TASK DESCRIPTION =>
Working from the entries that follow, transcribe exactly and only the lines from the one with "925 Sterling Silver" through the last, pictures excluded.

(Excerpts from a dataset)
========================================

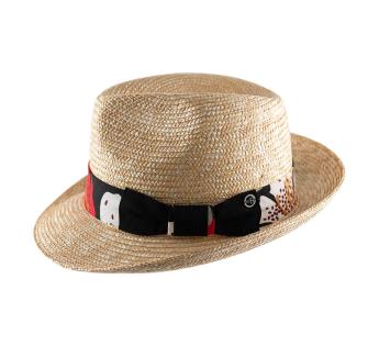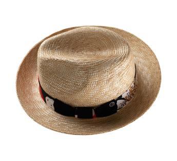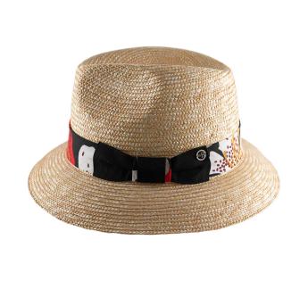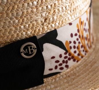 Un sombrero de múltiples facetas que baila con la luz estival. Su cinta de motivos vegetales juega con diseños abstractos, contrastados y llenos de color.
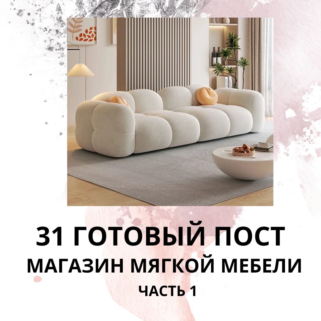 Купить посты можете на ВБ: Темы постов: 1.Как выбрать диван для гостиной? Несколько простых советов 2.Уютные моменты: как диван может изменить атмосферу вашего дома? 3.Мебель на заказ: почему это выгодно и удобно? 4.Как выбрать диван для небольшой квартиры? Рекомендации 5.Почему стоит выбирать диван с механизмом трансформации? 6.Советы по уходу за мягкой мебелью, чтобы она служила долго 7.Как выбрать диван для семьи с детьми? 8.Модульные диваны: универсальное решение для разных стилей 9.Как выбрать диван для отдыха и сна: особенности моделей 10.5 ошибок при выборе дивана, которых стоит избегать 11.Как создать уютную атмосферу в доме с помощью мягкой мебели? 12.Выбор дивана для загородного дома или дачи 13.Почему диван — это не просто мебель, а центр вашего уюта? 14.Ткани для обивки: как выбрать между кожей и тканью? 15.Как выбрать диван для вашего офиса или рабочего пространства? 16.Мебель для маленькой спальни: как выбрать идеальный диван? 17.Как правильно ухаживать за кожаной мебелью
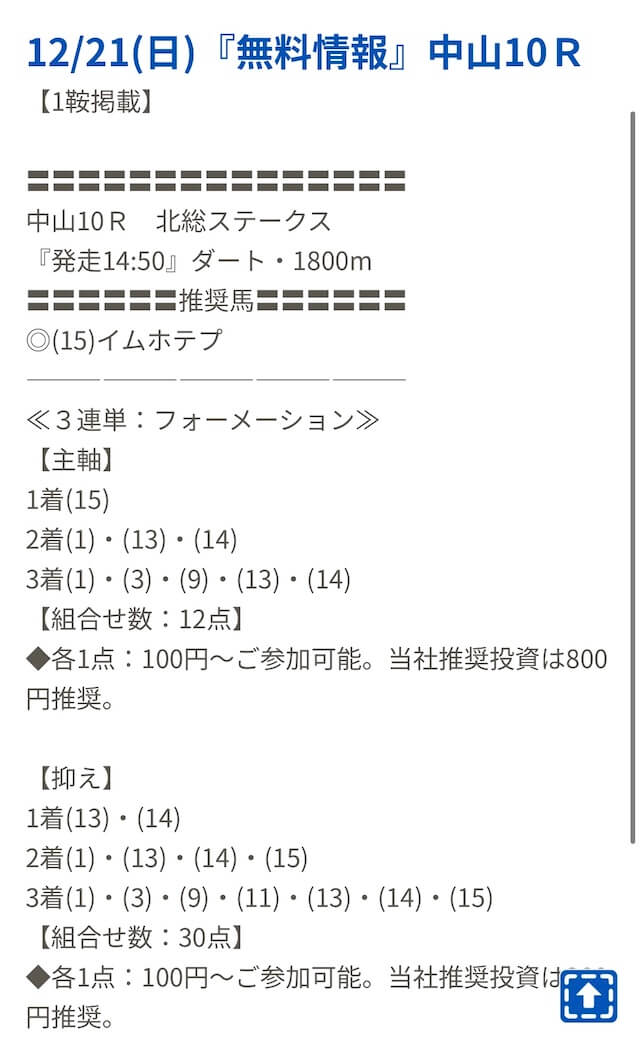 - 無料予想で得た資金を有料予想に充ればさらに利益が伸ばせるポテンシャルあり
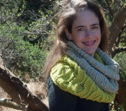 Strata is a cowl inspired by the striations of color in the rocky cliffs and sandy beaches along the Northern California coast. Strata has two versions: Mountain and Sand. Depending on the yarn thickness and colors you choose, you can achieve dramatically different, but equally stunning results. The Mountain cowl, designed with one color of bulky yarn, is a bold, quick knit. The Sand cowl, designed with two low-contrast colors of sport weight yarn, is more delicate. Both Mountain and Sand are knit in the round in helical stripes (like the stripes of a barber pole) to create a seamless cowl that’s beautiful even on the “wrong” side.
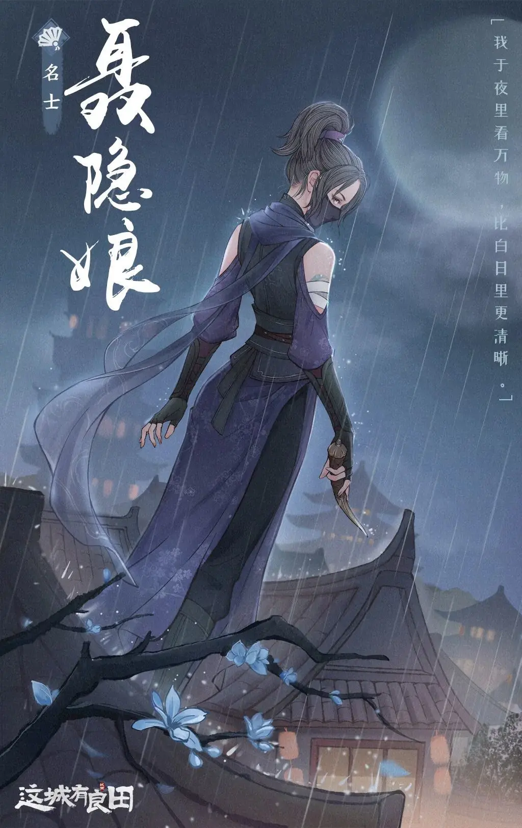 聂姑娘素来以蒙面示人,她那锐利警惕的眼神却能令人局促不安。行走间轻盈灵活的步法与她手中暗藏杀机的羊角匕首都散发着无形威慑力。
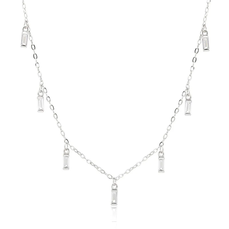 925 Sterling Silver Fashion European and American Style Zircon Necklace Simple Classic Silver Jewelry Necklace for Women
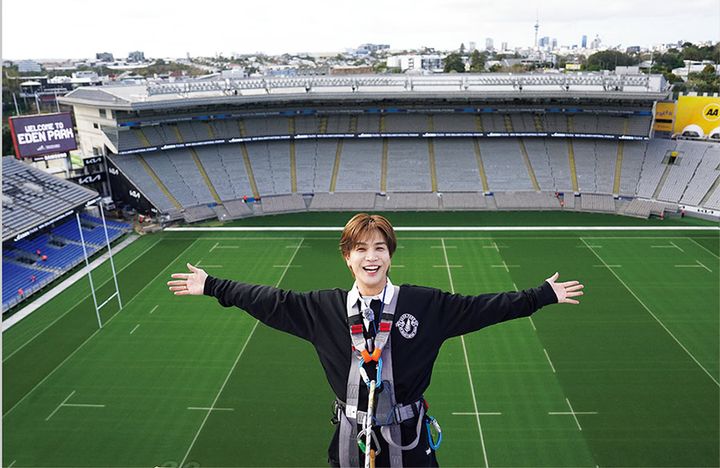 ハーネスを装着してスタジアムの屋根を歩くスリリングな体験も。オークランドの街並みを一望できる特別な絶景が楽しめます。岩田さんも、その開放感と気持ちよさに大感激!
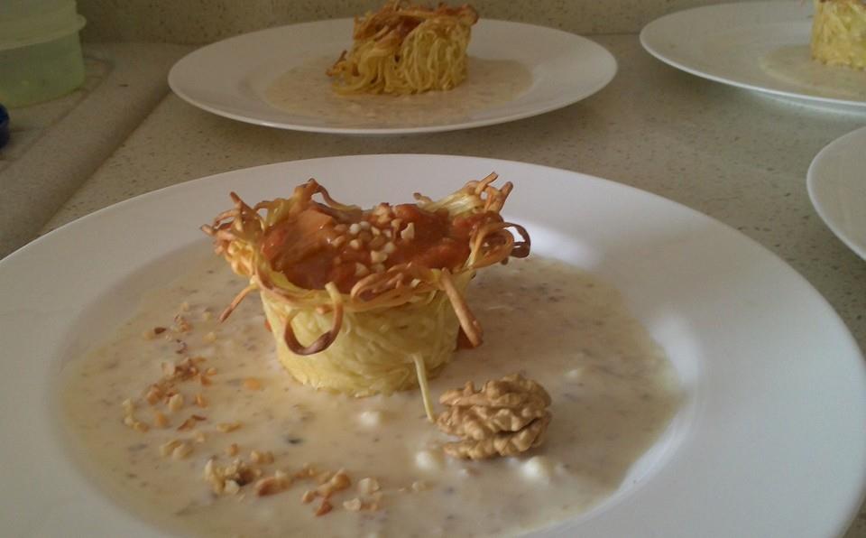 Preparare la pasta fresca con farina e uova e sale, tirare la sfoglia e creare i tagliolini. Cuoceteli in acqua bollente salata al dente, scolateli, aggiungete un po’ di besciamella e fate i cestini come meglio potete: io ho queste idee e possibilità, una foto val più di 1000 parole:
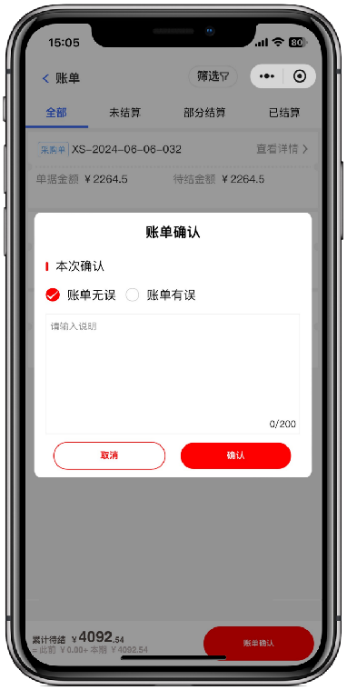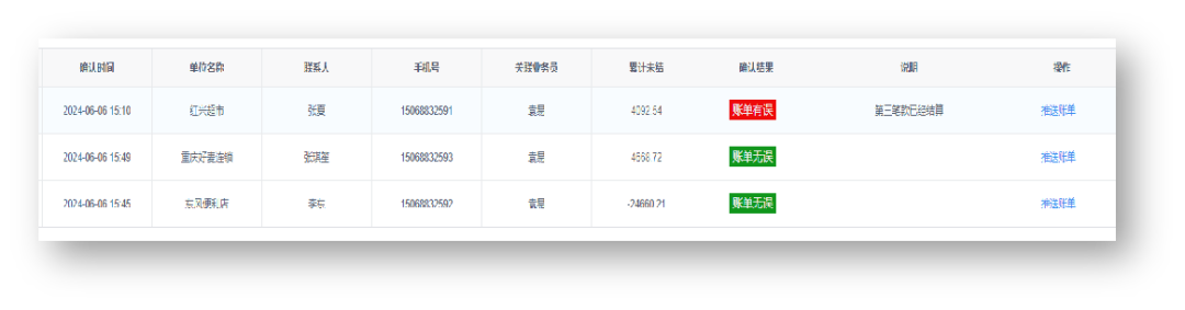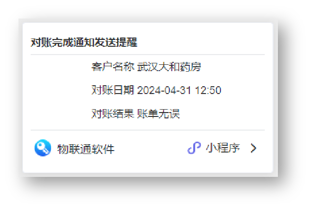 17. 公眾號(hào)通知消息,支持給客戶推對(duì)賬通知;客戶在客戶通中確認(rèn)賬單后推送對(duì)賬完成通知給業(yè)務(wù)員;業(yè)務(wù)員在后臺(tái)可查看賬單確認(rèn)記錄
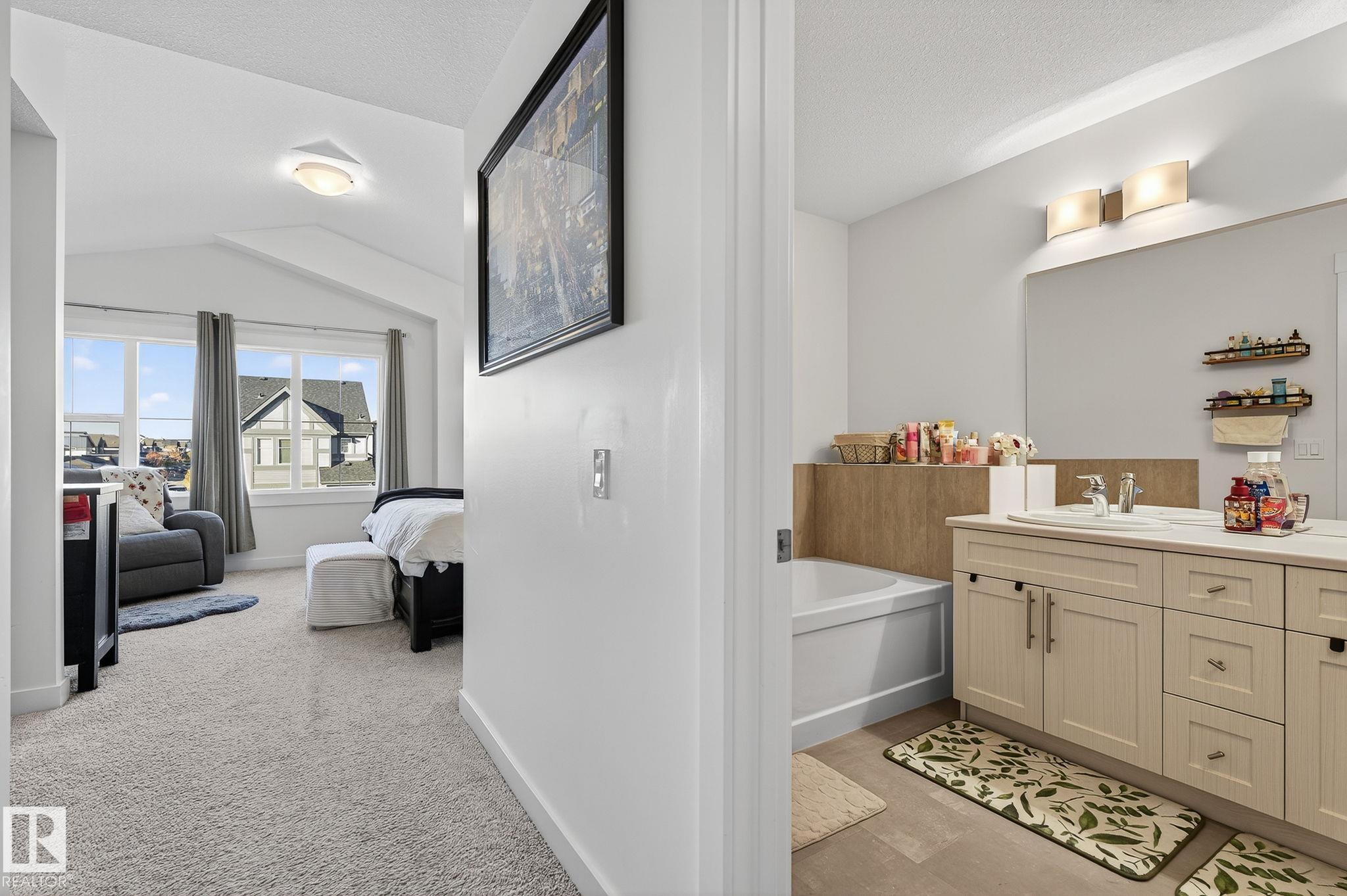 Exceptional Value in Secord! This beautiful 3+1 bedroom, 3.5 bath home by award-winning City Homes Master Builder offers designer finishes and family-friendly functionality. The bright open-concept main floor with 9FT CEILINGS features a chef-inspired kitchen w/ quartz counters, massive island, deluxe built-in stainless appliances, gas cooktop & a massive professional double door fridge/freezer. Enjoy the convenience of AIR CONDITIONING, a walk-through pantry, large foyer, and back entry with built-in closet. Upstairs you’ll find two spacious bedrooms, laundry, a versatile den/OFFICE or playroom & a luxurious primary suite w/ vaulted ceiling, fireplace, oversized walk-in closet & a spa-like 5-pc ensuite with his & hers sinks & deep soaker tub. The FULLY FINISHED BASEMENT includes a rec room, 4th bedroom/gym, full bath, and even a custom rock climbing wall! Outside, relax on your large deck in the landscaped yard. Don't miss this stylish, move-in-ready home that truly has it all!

========================================

EXERCISE RESPONSE =>
 925 Sterling Silver Fashion European and American Style Zircon Necklace Simple Classic Silver Jewelry Necklace for Women
 ハーネスを装着してスタジアムの屋根を歩くスリリングな体験も。オークランドの街並みを一望できる特別な絶景が楽しめます。岩田さんも、その開放感と気持ちよさに大感激!
 Preparare la pasta fresca con farina e uova e sale, tirare la sfoglia e creare i tagliolini. Cuoceteli in acqua bollente salata al dente, scolateli, aggiungete un po’ di besciamella e fate i cestini come meglio potete: io ho queste idee e possibilità, una foto val più di 1000 parole:
 17. 公眾號(hào)通知消息,支持給客戶推對(duì)賬通知;客戶在客戶通中確認(rèn)賬單后推送對(duì)賬完成通知給業(yè)務(wù)員;業(yè)務(wù)員在后臺(tái)可查看賬單確認(rèn)記錄
 Exceptional Value in Secord! This beautiful 3+1 bedroom, 3.5 bath home by award-winning City Homes Master Builder offers designer finishes and family-friendly functionality. The bright open-concept main floor with 9FT CEILINGS features a chef-inspired kitchen w/ quartz counters, massive island, deluxe built-in stainless appliances, gas cooktop & a massive professional double door fridge/freezer. Enjoy the convenience of AIR CONDITIONING, a walk-through pantry, large foyer, and back entry with built-in closet. Upstairs you’ll find two spacious bedrooms, laundry, a versatile den/OFFICE or playroom & a luxurious primary suite w/ vaulted ceiling, fireplace, oversized walk-in closet & a spa-like 5-pc ensuite with his & hers sinks & deep soaker tub. The FULLY FINISHED BASEMENT includes a rec room, 4th bedroom/gym, full bath, and even a custom rock climbing wall! Outside, relax on your large deck in the landscaped yard. Don't miss this stylish, move-in-ready home that truly has it all!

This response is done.